NatCo Momentum team was very very good, especially our Chair Igors D., AIESEC Latvia Alumnus. A great THANK YOU to you, Igors- you know what for! A great THANK YOU to Lasma, AIESEC Latvia and UAE Alumnus, you know what for! Huge THANK YOU to all Alumni who could attend NatCo, and who could not! Big THANK YOU to our Live Performance, to 2 singers that transformed us, participants during the Official Dinner to the best places we could dream about, and we wished to be. Big THANK YOU to the delegates- young AIESECers in Latvia who generated ideas around key issues Latvia is in need of now. Big THANK YOU to my MC team who were there when I needed them, and who left me when it was necessary. Big THANK YOU to my family who support me in any decision- after all, decisions are mine, and only I will carry out them.

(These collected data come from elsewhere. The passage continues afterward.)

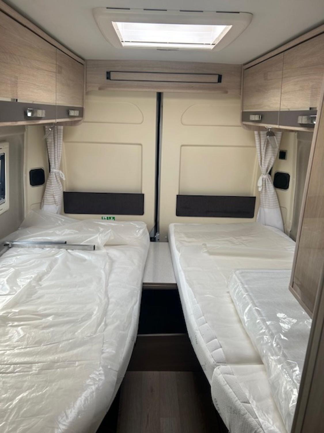 Ce fourgon de première main en très bon état vous propose un confortable couchage en lits jumeaux.
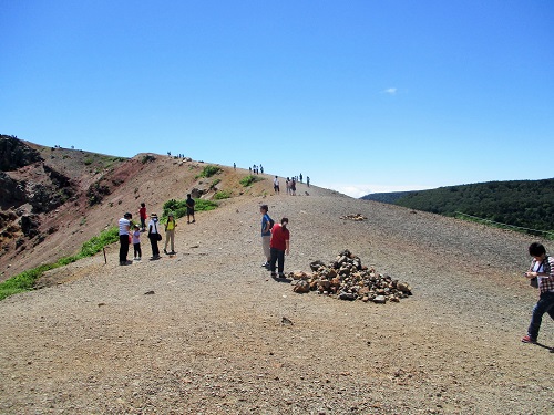 さて… 吾妻小富士の火口外周に到達しましたが… 時計まわりに行くか… 反時計回りに行くか… 反時計回りの方は、なだらかな傾斜が続きます。 拡大撮影しました。 荒々しい岩石の様子が良くわかります。 地層が斜めになっていて、どのように形成されたのか… 興味がわきますね…。 火口を撮影してみました。 火口の拡大撮影。 別角度からの火口。 ホント、何度...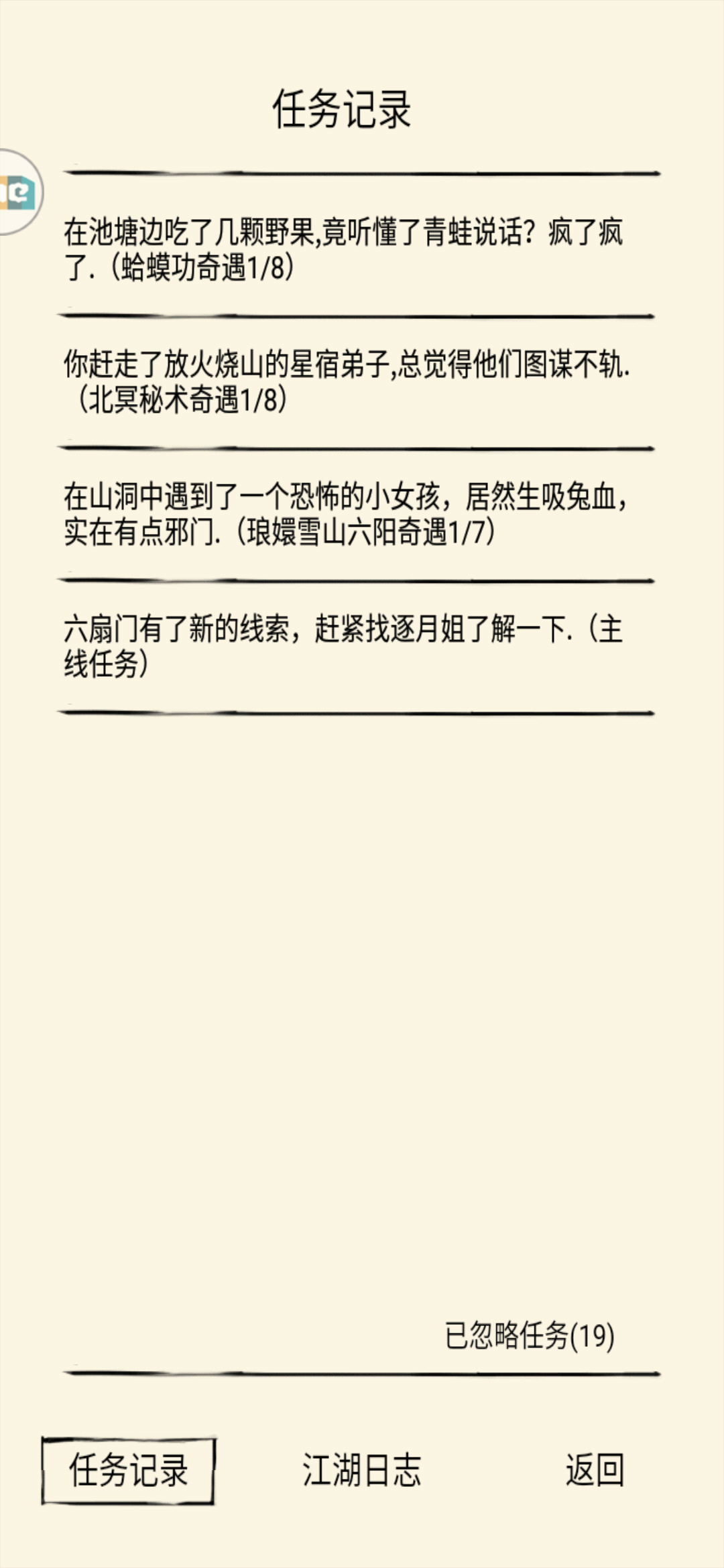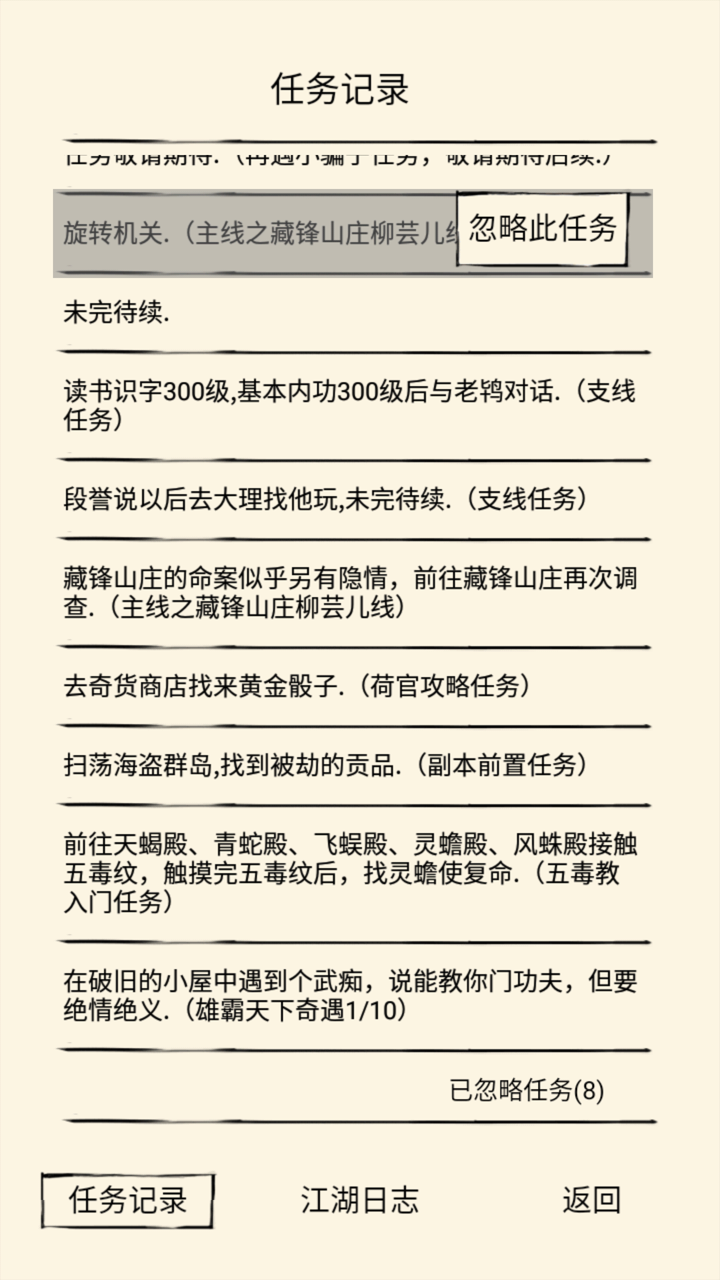 萌新想问一下前期有多少隐藏剧情我玩了三天没买先天点,现在13岁丐帮武学略有小成无意中触发了歆话字典那个隐藏任务,就想来问问还有没有容易错过的剧情。(我强迫症都想做完)求各位大佬指点

NatCo Momentum highlighted a few serious points for me
  • People have fears. People are not born with fears- they themselves gain them from the very beginning just because it is easier to live like that. A child says he can't sleep alone because he is afraid of darkness. All he needs is parents' attention, and he is afraid he is not loved by mom and dad. Darkness is just a cause to give. By the time we grow up, "darkness" modifies to lots of other reasons, and just raises the Fear level. And it is sad to notice it- sad because we, people, will find hundreds of reasons to say "No" to opportunities we are given just because we are afraid. Afraid of changes, afraid of unknown possibilities, afraid to take up new responsibilities.

  • People are lazy. Among all sins I have known or seen, lazyness is the greatest of all. I could not understand my mother when she was telling me that lazyness was born before me. I was small, and I thought I could skip these house duties because my brother could do, or because I am the youngest in my family, so no matter what I would be foregiven. Yes, it is a simple example but it is one of the ways how lazyness develops into a habit. Moreover, it is sad to note that lazyness has a great effect to influence serious decisions in life. Decisions that could benefit nations in the world, or could change one person's life tremendously.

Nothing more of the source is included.